I'd have said those things if that's what I meant:-).

luckyme

Well, I was hoping to wait longer before posting any solutions, but that has turned out to not be possible. I hope to post three different solutions. They all involve calculus. This is a bit of a rehash of something we discussed recently in the probability forum. Here is the first solution.

We use Bayes theorem. Let A be the event that the first three flips are T,T,H. Let B be the event that the fourth flip is H. We want to compute the probability of B given A, which is

P(B | A) = P(B and A)/P(A) = P(T,T,H,H)/P(T,T,H).

Before computing these two probabilities, we need to think a little about this bent coin. Imagine we could flip this particular bent coin over and over again. In the long run, the fraction of heads would converge to some number P. This number depends on the bend in the coin and is completely unknown to us.

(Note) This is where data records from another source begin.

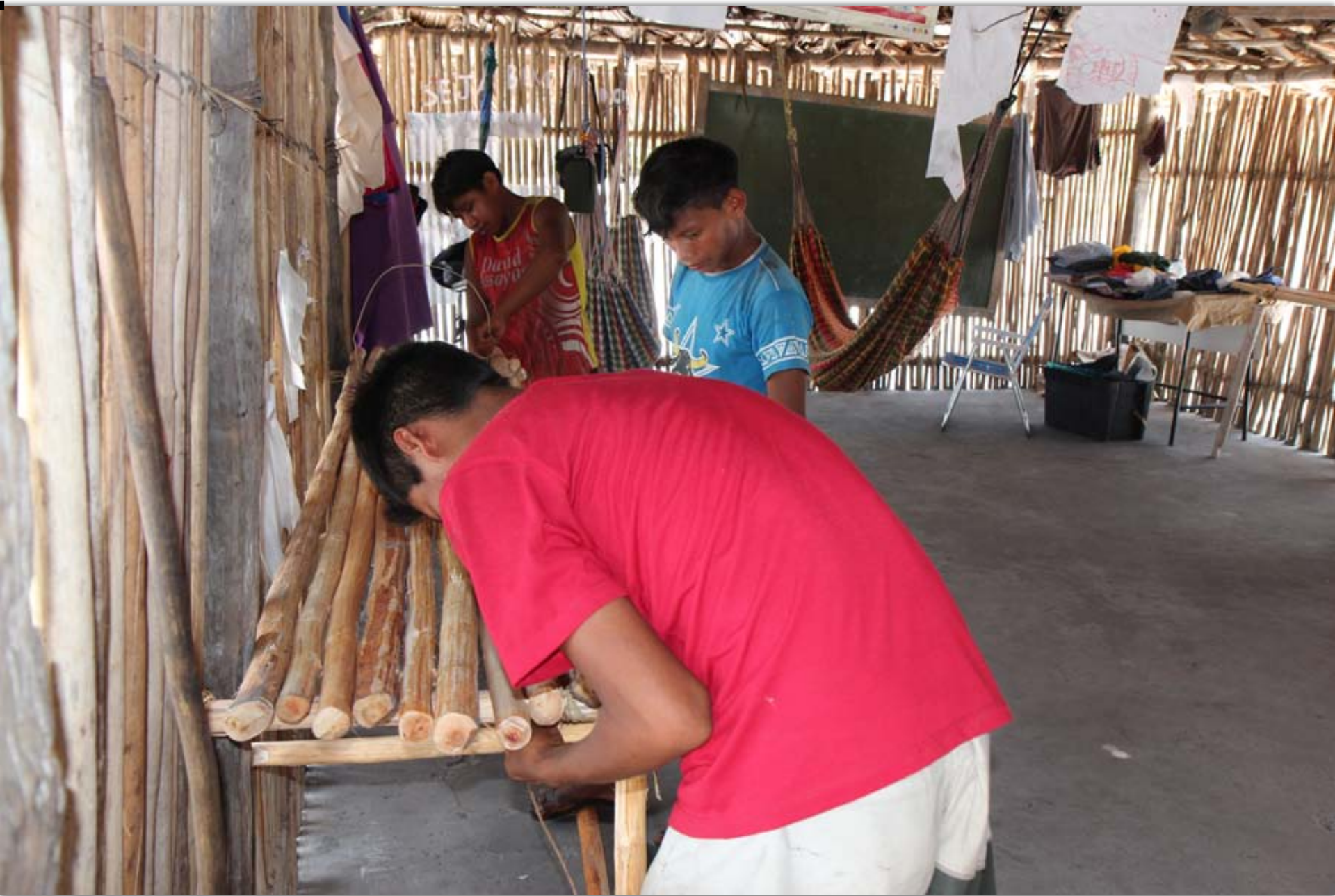
The boys quickly made us a shelf on which to keep our things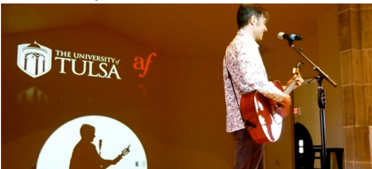
- l'Alliance Française, Tulsa, OK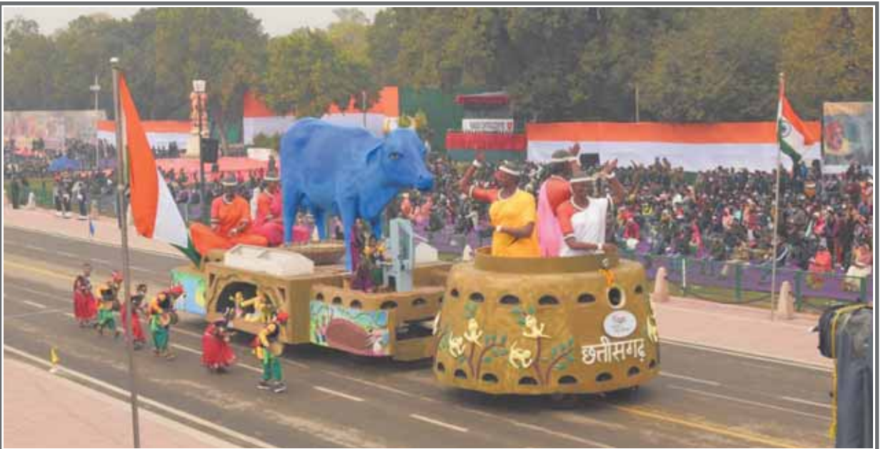
Chhattisgarh's tableau depicting the state's "Godhan Nyay Yojana" on Sunday took part in the full-dress rehearsal of the Republic Day parade at Rajpath in New Delhi.

A court sent the Naxalite to judicial custody.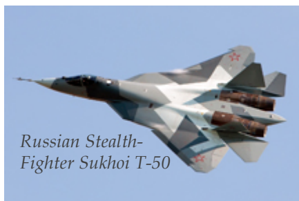
Russian Stealth-Fighter Sukhoi T-50

We have noticed that, also in defiance of Our advice, over the last twenty years, more and more Gibraltarians are speaking Spanish, in preference to English. What message does that send to Madrid? That they are winning! Like I said, what common-sense can you expect in a lunatic asylum?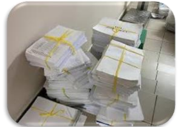
Waste paper collection campaigns

Since we have no information about P, we might want to assume that P is equally likely to be any number between 0 and 1. In other words, P is uniformly distributed on [0,1]. In other words, P has density f(p) = 1 for all p.

The formula for computing P(T,T,H) in the presence of this unknown, random parameter is given by the following integral:

P(T,T,H) = \int_0^1 P(T,T,H | P = p)*f(p) dp
= \int_0^1 (1 - p)*(1 - p)*p*1 dp.

If you do this integral, you get 1/12. Similarly,

P(T,T,H,H) = \int_0^1 (1 - p)^2 p^2 dp = 1/30.

So P(B | A) = (1/30)/(1/12) = 12/30 = 2/5. In other words, given our observations of T,T,H, our estimate for the probability of H on the fourth flip is 2/5. We should accept the wager at any odds greater than 3 to 2. Since we are offered 7 to 4, we should accept.

This same calculation (in greater abstraction) is carried out in some lecture notes on Persi Diaconis's website at http://www-stat.stanford.edu/~cgates/PERSI/courses/stat_121/lectures/exch/ . Search the page for the text "bent coin". There is also a nice discussion about Adam (of Adam and Eve) witnessing the sun rising n days in a row and estimating the probability that it will rise the next day.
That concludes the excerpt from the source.